Regarding the bottom button. It has become conventional among the cognoscenti to leave the bottom button on a waistcoat undone. And in the early 1900’s it may well have been practical for navies or farm workers, bending and digging, to leave the bottom button of their waistcoats undone – for reference you might want to look at Ford Maddox-Brown’s masterpiece ‘Work’; gentlemen buttoned/workers unbuttoned – but really there is no earthly reason why you should leave the bottom button of your waistcoat undone. Unless you’re engaged in a spot of recreational trench digging, or a particularly vigorous banjo session, such as Mumford & Sons.


If on the other hand you simply like, or feel comfortable liberating the outlying button, then by all means plough on. But if you prefer feeling the maximum snug of a well-buttoned waistcoat then you should do so confident that you walk the path of the sartorially righteous.


How to Wear It


Now, the fun bit. Styling.


But a word of warning, it’s just a waistcoat, and should never be used as justification to unleash all manner of excessive peripheral paraphernalia.


What I’m trying to say is – accessorise sparingly – adopt affectations like pocket watches, sleeve clips and hankies half-stuffed with apparent casualness into back pockets at your peril. Contrivance is the death knell for style.


Try. But do not appear to have tried too hard.


One way to ease into the secret world of waistcoat wearers is to embrace the three-piece suit. This is the dapper dial on max. Tom Ford is big on the old three-piece suit, cut sharp as shark’s teeth and fitted like a glove. Dan Craig is oft seen striding out in the full TF works. Or if you desire maximum country cred the tweed three-piece is where it’s at. For absolute perfection a made to measure suit in vibrantly coloured, contemporary tweed from Bladen is the ultimate choice.


Everyone is unique, one shoulder slightly higher than the other, a low waist, a high waist – you prefer an extra lean English cut, or a loose Hacking style? Imagine the luxury of a tweed suit tailored exactly to your specification and proportions. Men walk taller in made to measure and at A Hume we’ve been helping them do it since 1929 – more here; Bespoke Tailoring an Art form Perfected.
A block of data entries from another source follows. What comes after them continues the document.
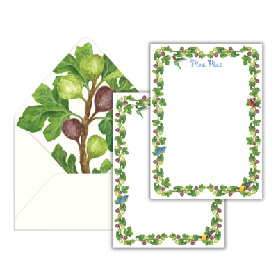 Personalized set of 25 fig and bird watercolor notecards with envelope liner.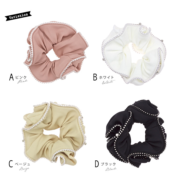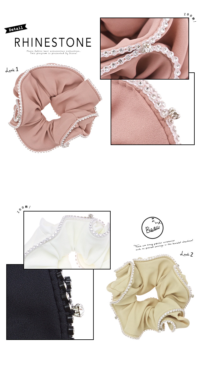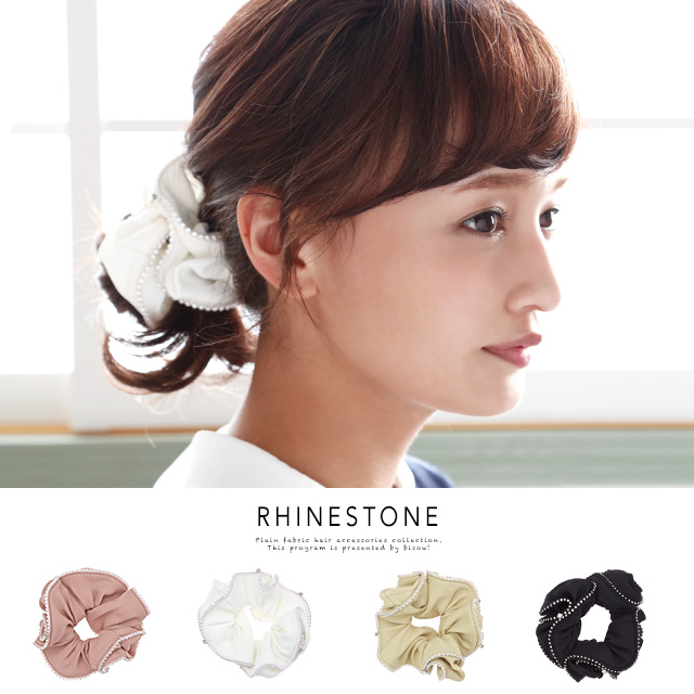 【ラインストーン付きのシンプルなシュシュ】無地/キラキラ/オフィス/シンプル/スクランチー/髪留め/髪飾り/ヘアアクセサリー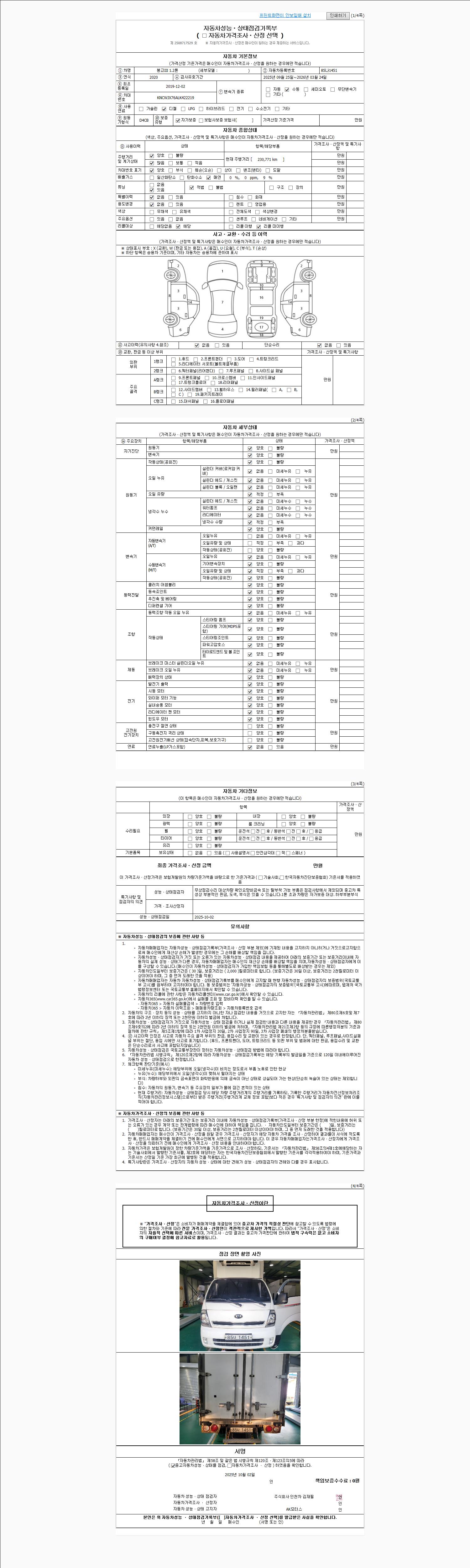 2. 차량 등록증이나 성능점검지 등을 상담자에게 요청및 확인하시고 사전에 미리 점검 하시기를 권유드립니다.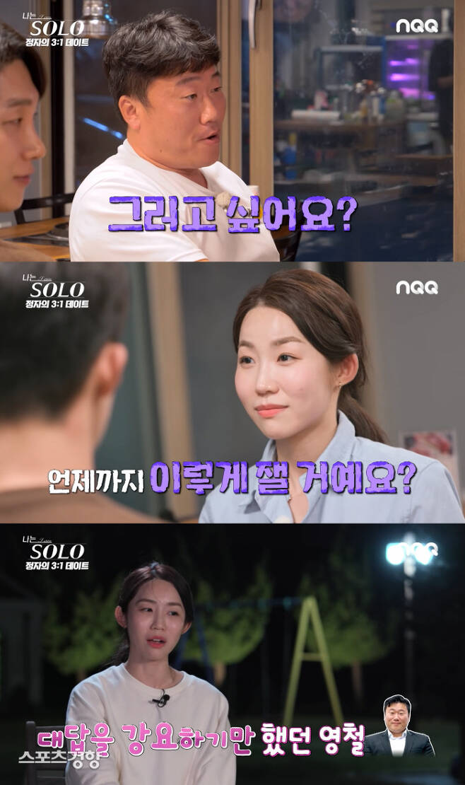 둘째 날, 영철은 정순(32)이라는 여성분과 연결됐는데요. 그런데 데이트하러 밖으로 나가지 않고 영철은 육포와 사이다를 준비한 다음에 정순을 공동 거실로 불렀습니다. 정자가 이런 상황에 기분 나빠하는 기색을 보이자 그는 “좋아하지 않았던 남자가 나왔으니까 육포를 씹어서 스트레스를 풀라”고 말했습니다.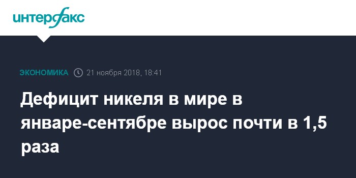 Дефицит никеля в мире в январе-сентябре вырос почти в 1,5 раза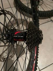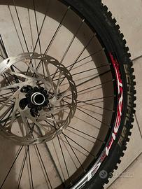 Completi di mozzi Fulcrum in perfetto stato, dischi freno da 203 mm, cassetta 10 rapporti da downhill, gomme magic Mary (anteriore) e minion dhf st (posteriore) al 60%.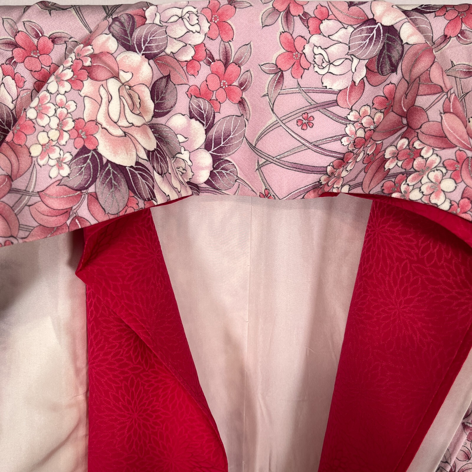 K91546 Japanese Kimono 100 Silk Komon Pink roses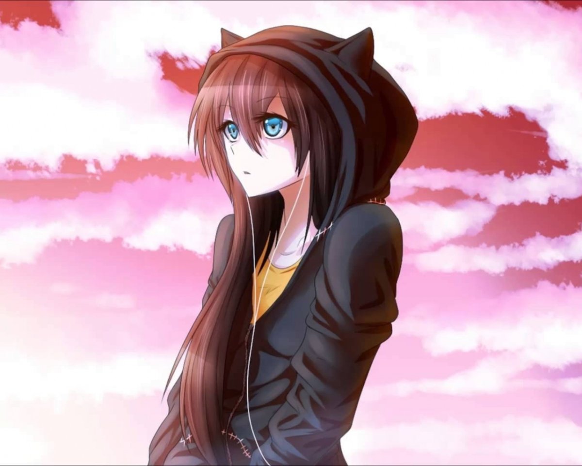 Аниме девушки в толстовках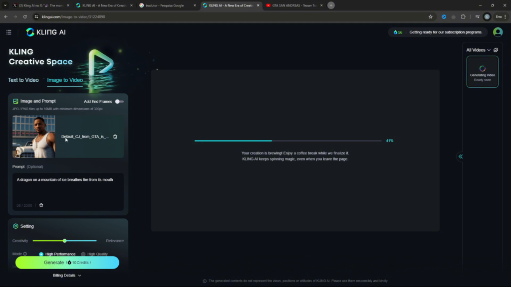 Se você já tem uma imagem que deseja animar, o Kling AI também permite isso. Aqui está como você pode animar uma imagem: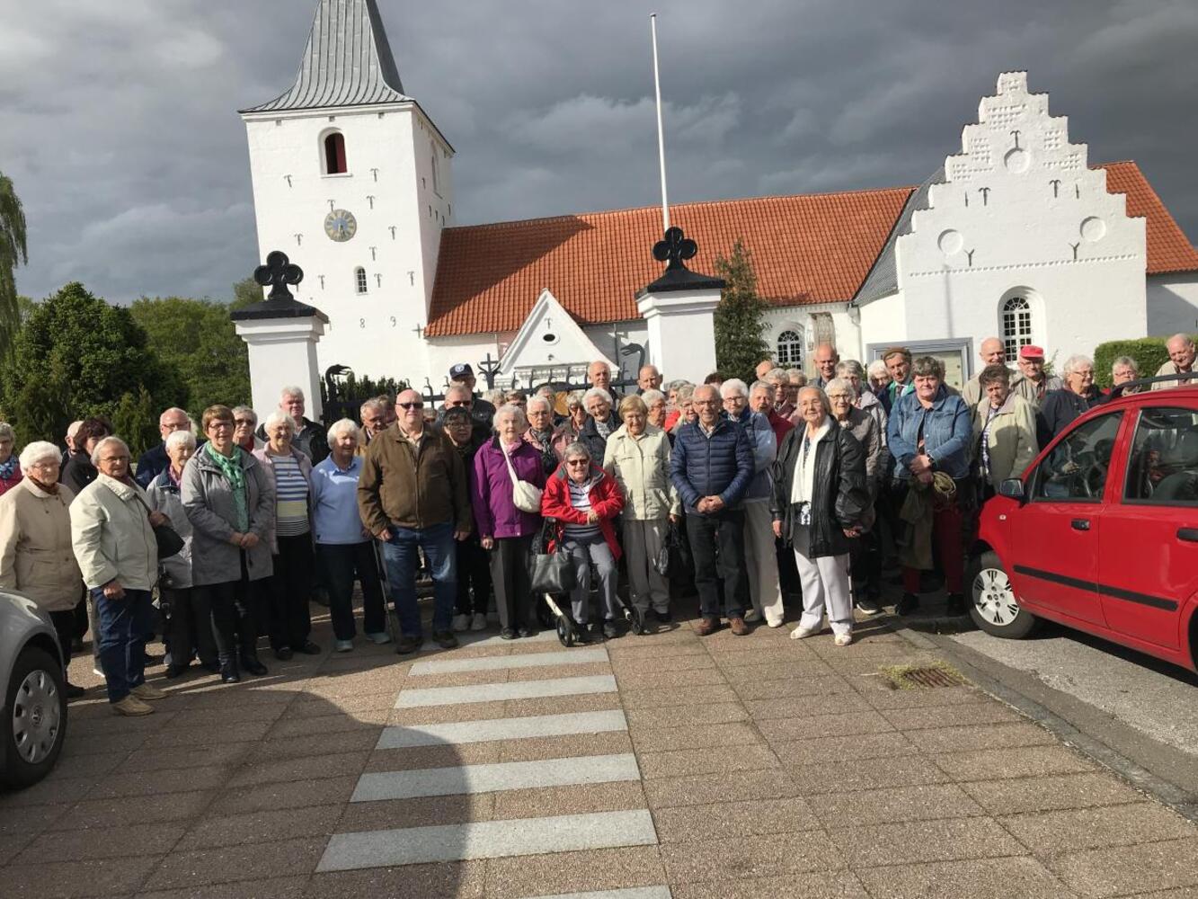 Turen var i onsdag, hvor vi kørte fra Torvet kl. 13.00. I øsende regnvejr gik turen til Ousted Kirke, hvor menighedsrådsmedlem Kirsten Friis tog imod i kirken og fortalte os om denne af Danmarks 3. højst beliggende kirker.

Wearing waistcoats as part of a suit is great but they also have a sense of independence and can be taken out to play on their own. Tweed, cord and wool are great for the cooler months. Experiment with Tattersalls shirts, denim, chinos, flannel shirts and trousers, jeans, use multiple layers for a highly textured look. Note: we love a wool tie.


These garments may sound traditional and perhaps if you’re a fully signed up Jack Wills/Superdry card carrier then even a touch dowdy but I’ll say it again – it’s all how you wear it, the styling.


If you sport a loosely cut wool waistcoat there is a small chance that you’ll come off looking like a 1960’s red brick lecturer from a Malcolm Bradbury novel, but…..But, if you combine it with a collarless shirt and sharply tailored suit, or even jeans, RM Williams boots and fine striped shirt there’s no danger. This is a good look.


Summer is more about linen, or cotton but the principles remain the same.


To recap: fit; quality, i.e. only natural fibres; texture and layering. Take the waistcoat pledge. You won’t look back.